▸ **Brief**
Write the records out again without change. Leave the pictures behind.

*** Material for this exercise Section Begins ***

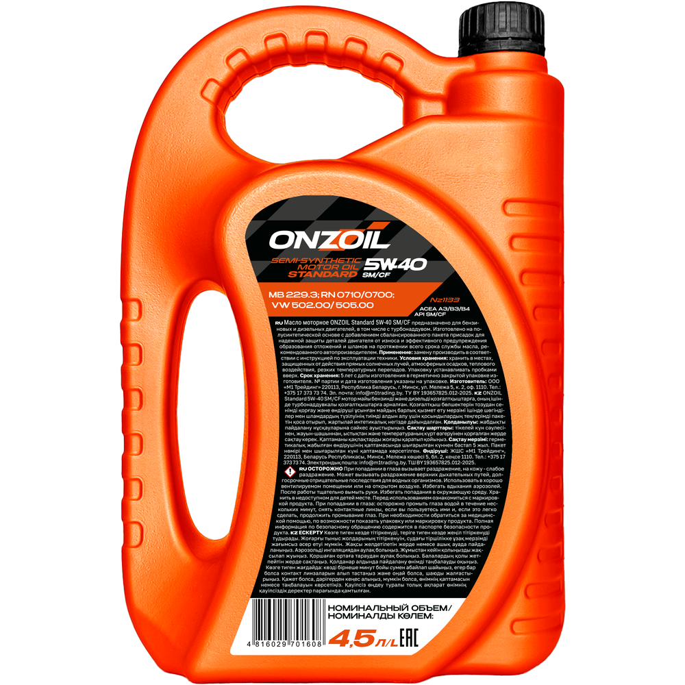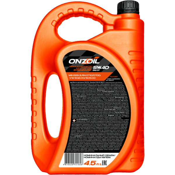 ONZOIL Standard 5W-40 SM/СF – полусинтетическое моторное масло, содержащее сбалансированный пакет присадок, который эффективно защищает двигатель от износа и предотвращает образование отложений и шламов. Масло поддерживает оптимальную работу двигателя и сохраняет свои свойства на протяжении всего рекомендованного автопроизводителем интервала замены
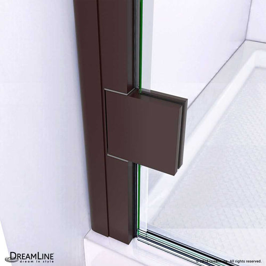 Lumen 34 in. D x 42 in. W by 74 3/4 in. H Hinged Shower Door in Oil Rubbed Bronze with Black Acrylic Base Kit
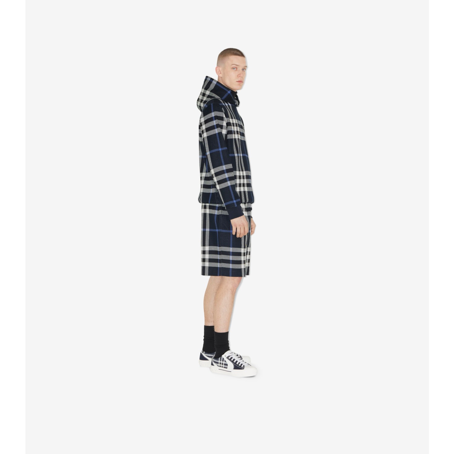 Check Cotton Hoodie in White dark blue Men Burberry Official Very well made.
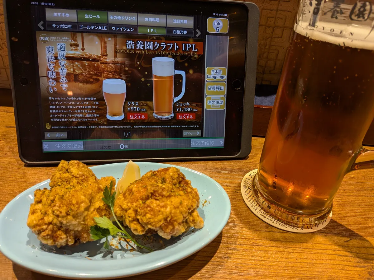 スパイシーチキンの唐揚げと浩養園クラフトIPLを!1週間の疲れがとれてゆくような…!😁
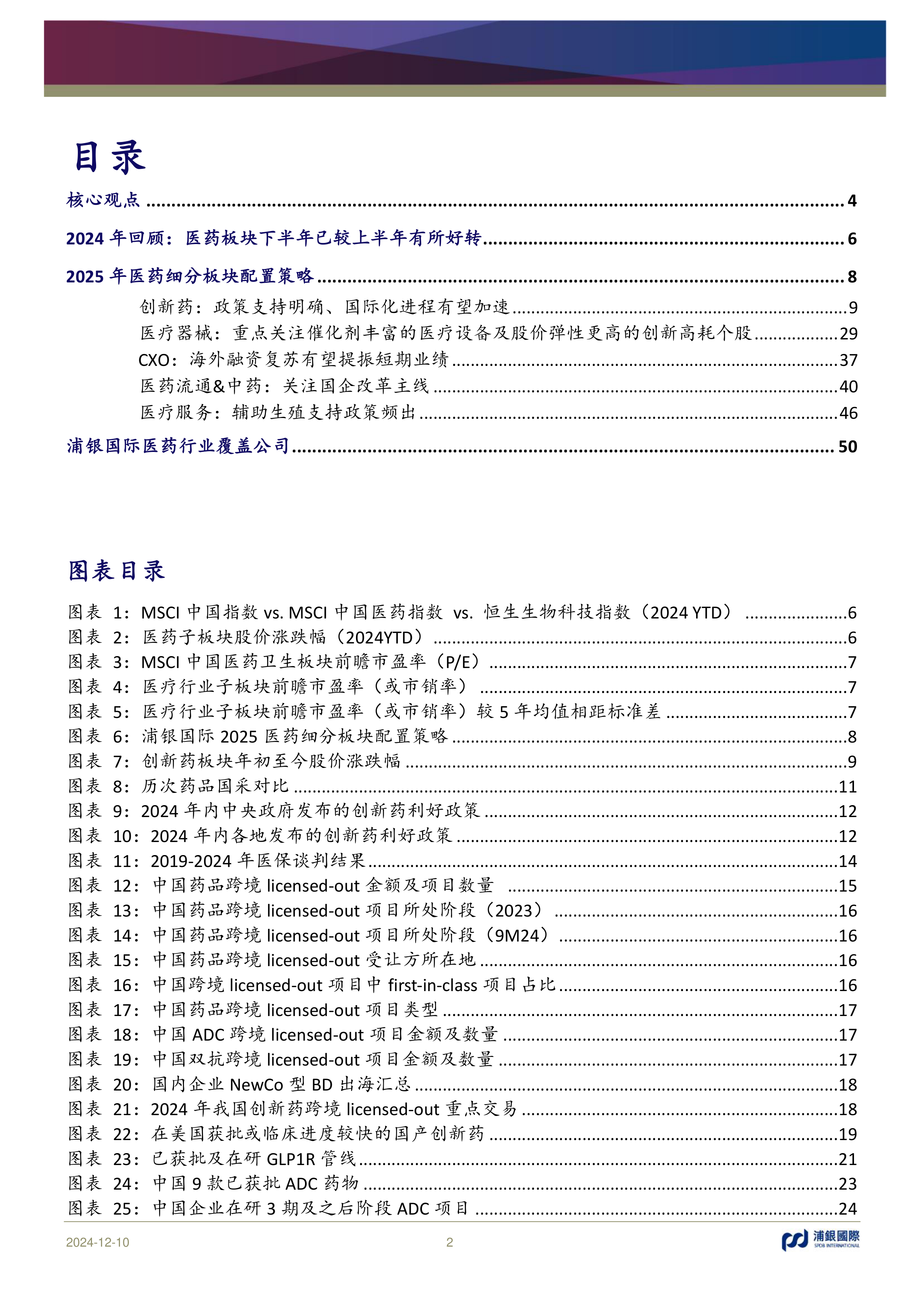 本报告基于浦银国际对2024年医药行业表现的回顾和对2025年市场趋势的预测,对医药行业各个细分板块的投资机会和风险进行了深入分析,并提出了具体的投资建议。报告强调,虽然2024年医药行业整体表现低迷,但下半年有所好转,且目前估值处于低位,2025年行业基本面有望进一步提升,板块情绪有望上涨。 报告建议投资者关注创新药、创新高值耗材以及CXO板块的投资机会,同时需关注潜在的风险因素。 报告还特别关注了国家政策对医药行业的影响,以及中国创新药出海的趋势,为投资者提供了全面的市场分析和投资参考。

*** Material for this exercise Section Ends ***

▸ **Solution below**
 ONZOIL Standard 5W-40 SM/СF – полусинтетическое моторное масло, содержащее сбалансированный пакет присадок, который эффективно защищает двигатель от износа и предотвращает образование отложений и шламов. Масло поддерживает оптимальную работу двигателя и сохраняет свои свойства на протяжении всего рекомендованного автопроизводителем интервала замены
 Lumen 34 in. D x 42 in. W by 74 3/4 in. H Hinged Shower Door in Oil Rubbed Bronze with Black Acrylic Base Kit
 Check Cotton Hoodie in White dark blue Men Burberry Official Very well made.
 スパイシーチキンの唐揚げと浩養園クラフトIPLを!1週間の疲れがとれてゆくような…!😁
 本报告基于浦银国际对2024年医药行业表现的回顾和对2025年市场趋势的预测,对医药行业各个细分板块的投资机会和风险进行了深入分析,并提出了具体的投资建议。报告强调,虽然2024年医药行业整体表现低迷,但下半年有所好转,且目前估值处于低位,2025年行业基本面有望进一步提升,板块情绪有望上涨。 报告建议投资者关注创新药、创新高值耗材以及CXO板块的投资机会,同时需关注潜在的风险因素。 报告还特别关注了国家政策对医药行业的影响,以及中国创新药出海的趋势,为投资者提供了全面的市场分析和投资参考。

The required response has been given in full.